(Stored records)
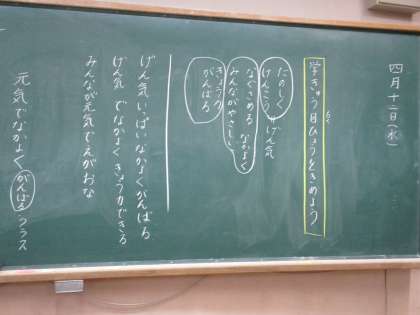 とてもシンプルですが,子どもたちが一生懸命話し合って決めた、大事な大事な学級目標が出来上がりました。
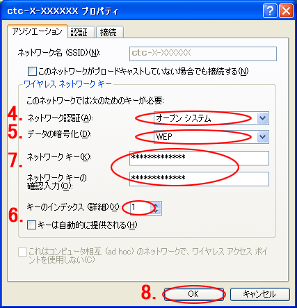 「キーは自動的に提供される」のチェックを外し、接続するネットワークの設定に合わせてキーのインデックス番号を選択します。 |
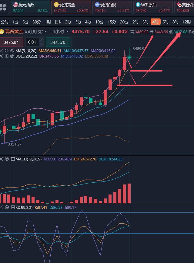 市场从来都是多空的零和博弈。无论你在其他方面如何成功,到了市场里,赢输就是唯一标准。最近许多投资者都在问黄金原油亏损了怎么办?怎么回本?其实有这种担忧是正常的,毕竟只要是投资就一定会有风险。而面对这种亏损风险,大多数的投资者的心里都会慌乱,那么兴言这里就是你的明灯所在! 对于今天黄金走势的看法! 黄金再度旱地拔葱,一度上涨至3490一线,本周一的行情再度引爆市场多头,那么当前在黄金已经逼近历史高位的情况之下,我们的策略就需要重新调整,在当前已经是高位的情况之下,欧盘需要密切注意3500这个位置的关键得失,若突破则还有新高,反之那么就可以短空看一个回撤再做多! 4小时频频收阳,但临近上方349
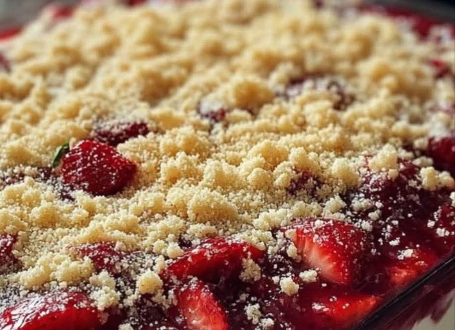 4. Spoon or drizzle the cream cheese mixture evenly over the strawberry layer.
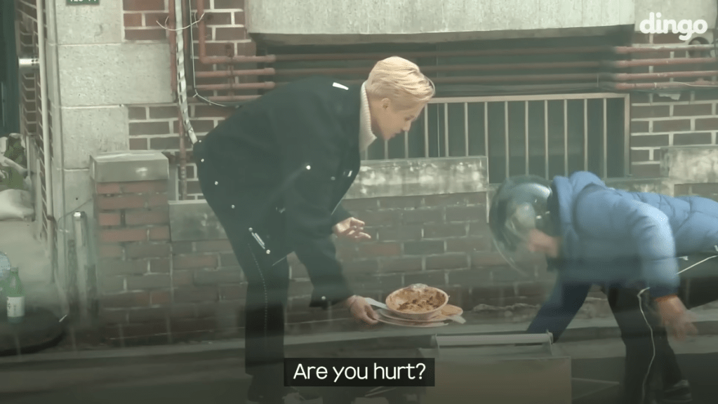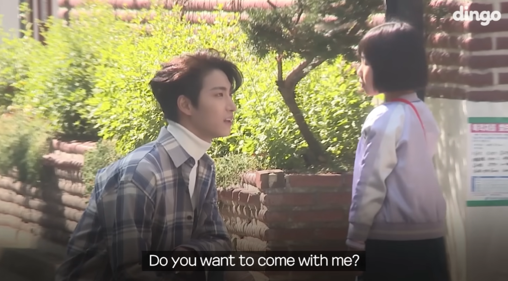 In the second “prank”, a little girl approaches Seonghwa and tells him that she got separated from her mom. He gently comforts her, getting down to her level to talk to her kindly and try to reassure her that things will be okay. After going through some options for how best to help her, he waits for her to consent to him taking her to a place where he believes they could get some help.
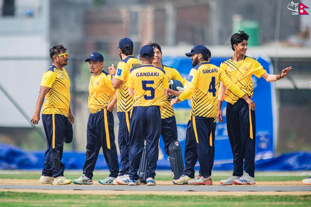 खराब सुरुवात गरेको गण्डकीले १६ रन जोड्दा ३ विकेट गुमायो। विशाल पटेलले सुरुवाती ३ विकेट लिए। उनले ओपनर मुस्कान थापालाई १ रनमा तथा दीपक डुम्रे र रोहित चन्दलाई विना कुनै रन पबिलियनको बाटो देखाए।
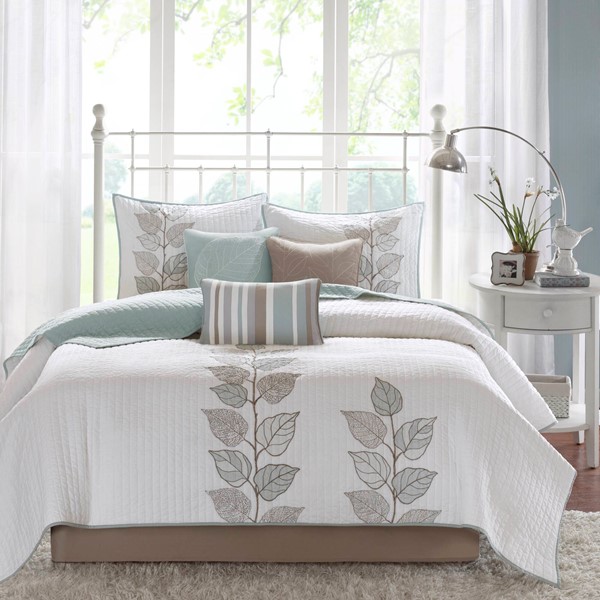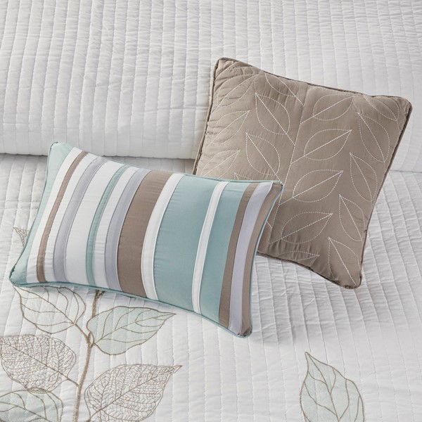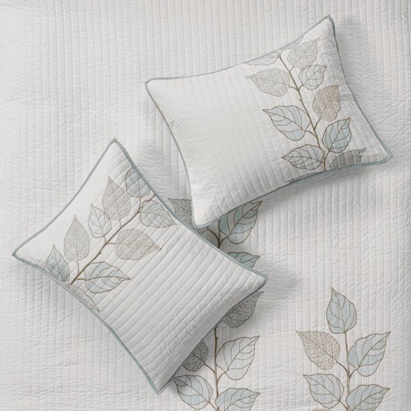This beautiful 6 Piece Reversible quilt set is a classic stylish look with an embroidered leaf print. Caelie is blue and white with subtle stripes that add texture. The quilt reverses to a soft blue. With a microfiber polyester face and a brushed fabric reverse, this quilt is soft to the touch and machine washable for easy care. Two matching standard shams and three embroidered decorative pillows complete the look. Queen size features two rows of embroidery, King size features three rows. Items in the set may come in a rolled or compressed packaging, which will need to be fluffed up or steam ironed before use to remove wrinkles.

Exercise objective
Restate it all word for word: every record, no pictures.

Written answer
 とてもシンプルですが,子どもたちが一生懸命話し合って決めた、大事な大事な学級目標が出来上がりました。
 「キーは自動的に提供される」のチェックを外し、接続するネットワークの設定に合わせてキーのインデックス番号を選択します。 |
 市场从来都是多空的零和博弈。无论你在其他方面如何成功,到了市场里,赢输就是唯一标准。最近许多投资者都在问黄金原油亏损了怎么办?怎么回本?其实有这种担忧是正常的,毕竟只要是投资就一定会有风险。而面对这种亏损风险,大多数的投资者的心里都会慌乱,那么兴言这里就是你的明灯所在! 对于今天黄金走势的看法! 黄金再度旱地拔葱,一度上涨至3490一线,本周一的行情再度引爆市场多头,那么当前在黄金已经逼近历史高位的情况之下,我们的策略就需要重新调整,在当前已经是高位的情况之下,欧盘需要密切注意3500这个位置的关键得失,若突破则还有新高,反之那么就可以短空看一个回撤再做多! 4小时频频收阳,但临近上方349
 4. Spoon or drizzle the cream cheese mixture evenly over the strawberry layer.
 In the second “prank”, a little girl approaches Seonghwa and tells him that she got separated from her mom. He gently comforts her, getting down to her level to talk to her kindly and try to reassure her that things will be okay. After going through some options for how best to help her, he waits for her to consent to him taking her to a place where he believes they could get some help.
 खराब सुरुवात गरेको गण्डकीले १६ रन जोड्दा ३ विकेट गुमायो। विशाल पटेलले सुरुवाती ३ विकेट लिए। उनले ओपनर मुस्कान थापालाई १ रनमा तथा दीपक डुम्रे र रोहित चन्दलाई विना कुनै रन पबिलियनको बाटो देखाए।
This beautiful 6 Piece Reversible quilt set is a classic stylish look with an embroidered leaf print. Caelie is blue and white with subtle stripes that add texture. The quilt reverses to a soft blue. With a microfiber polyester face and a brushed fabric reverse, this quilt is soft to the touch and machine washable for easy care. Two matching standard shams and three embroidered decorative pillows complete the look. Queen size features two rows of embroidery, King size features three rows. Items in the set may come in a rolled or compressed packaging, which will need to be fluffed up or steam ironed before use to remove wrinkles.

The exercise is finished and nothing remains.